Solidarité de l’UA avec le Mali malgré les défis sécuritaires

L’Union africaine réaffirme son soutien au Mali face à la crise sécuritaire

À l’occasion d’une visite officielle à Bamako, le président de la Commission de l’Union africaine (UA) a réitéré l’engagement de l’organisation auprès des autorités maliennes. Mahmoud Ali Youssouf a souligné que la stabilité du Mali reste une priorité pour l’ensemble du continent, malgré la suspension du pays de l’UA depuis le coup d’État de 2021.

Mali, Bamako, 2026 | Monument en hommage à l'armée malienne après les attaques rebelles (illustration)

Un soutien politique fort malgré la suspension de 2021

L’UA maintient une coopération active avec Bamako, bien que le Mali soit suspendu depuis le coup d’État de 2021. Cette décision avait été prise en réponse à la rupture de l’ordre constitutionnel, avec pour objectif d’inciter un retour rapide à l’ordre institutionnel. Cependant, l’organisation panafricaine refuse d’isoler le Mali, reconnaissant que sa stabilité est essentielle pour la sécurité de toute la région. Pour cela, elle s’appuie sur son représentant spécial pour le Mali et le Sahel, ainsi que sur la Mission de l’UA pour le Sahel et le Mali (MISAHEL).

La visite de Mahmoud Ali Youssouf : un geste de solidarité en question

Cette visite officielle du président de la Commission de l’UA vise à exprimer la pleine solidarité de l’organisation avec le Mali, face à l’intensification des attaques armées qui frappent le pays. Mais pour certains observateurs, comme Alioune Tine, fondateur du Africa Jom Center, cette solidarité doit se traduire par des actions concrètes. Il plaide pour une mobilisation accrue des pays africains, notamment en termes de soutien militaire et de renseignement, afin d’aider le Mali à lutter contre le terrorisme.

« Il est essentiel que le président de la Commission de l’Union africaine passe des paroles aux actes. Il doit sensibiliser les États membres capables de fournir une aide directe, et surtout mobiliser des troupes africaines pour soutenir Bamako dans sa lutte antiterroriste. C’est là l’urgence absolue », insiste-t-il.

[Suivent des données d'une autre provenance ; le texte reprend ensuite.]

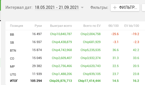 Винрейты за 2021 год, за последние 100 тысяч рук
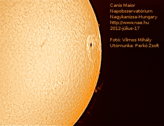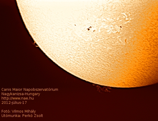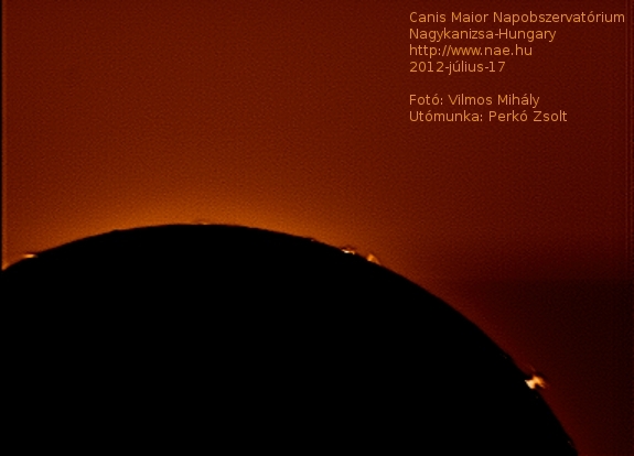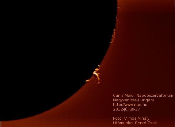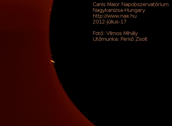 Egy kis késéssel, de feldolgozásra kerültek a június 19-én ill. július 10-17 időszakban készült felvételek, melyeket Vilmos Mihály készített, az utófeldolgozást pedig Perkó Zsolt csinált. A felvételeken a napfelszíni jelenségek, protuberanciák, filamentek, napfoltok láthatók a fény H-alfa hullámhosszán. A felvételekhez a Canis Maior Napobszervatórium módosított Coronado PST naptávcsövét és egy monokróm biztonsági kamerát használtuk fel. A felvételek összegzését a Registax 5.1 programmal végeztük, majd a Gimp 2.6-al mesterségesen szineztük ki a képeket.

Mali, Kidal, 2022 | Des combattants du mouvement de libération MNLA lors d'un congrès (Illustration)

Les défis d’une action efficace de l’UA

Malgré la remise en cause de l’Accord d’Alger de 2015 par les autorités maliennes, l’UA continue de privilégier le dialogue et les solutions politiques pour résoudre la crise. Pourtant, l’évolution récente du conflit, marquée par l’alliance des séparatistes du Nord avec le Groupe de soutien à l’islam et aux musulmans (Jnim), suscite des interrogations. L’UA considère cette coalition comme une menace majeure pour la stabilité du pays et refuse toute légitimité à ses revendications ou à ses offensives.

L’organisation réaffirme son attachement à l’unité territoriale du Mali tout en appelant à un renforcement des efforts régionaux contre le terrorisme. Cependant, Aly Tounkara, analyste au Centre des études sécuritaires et stratégiques au Sahel, met en lumière les limites structurelles de l’UA. Selon lui, les divergences entre les pays membres rendent difficile une réponse unifiée et efficace.

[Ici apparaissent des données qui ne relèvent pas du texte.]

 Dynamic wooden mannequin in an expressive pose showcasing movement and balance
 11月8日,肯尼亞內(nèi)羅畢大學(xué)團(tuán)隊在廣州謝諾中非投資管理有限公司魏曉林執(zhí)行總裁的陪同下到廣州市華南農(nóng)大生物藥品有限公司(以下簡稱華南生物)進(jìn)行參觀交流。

« Il est illusoire d’attendre un soutien militaire ou même un appui en renseignement de la part de l’UA, tant les États membres peinent à s’accorder sur une stratégie commune vis-à-vis du Mali. Sans compter les interférences extérieures et la dépendance aux financements non sahéliens, qui affaiblissent la pertinence et l’efficacité de l’organisation », analyse-t-il.

Éthiopie, Addis-Abeba, 2026 | Mahmoud Ali Youssouf, président de l'AUC, prend la parole lors du sommet de l'UA

Entre soutien diplomatique, appel à l’unité nationale et contraintes politiques internes, l’UA tente de trouver sa place dans la crise malienne. Reste à savoir si cette visite marquera le début d’un engagement plus concret ou restera un simple geste symbolique.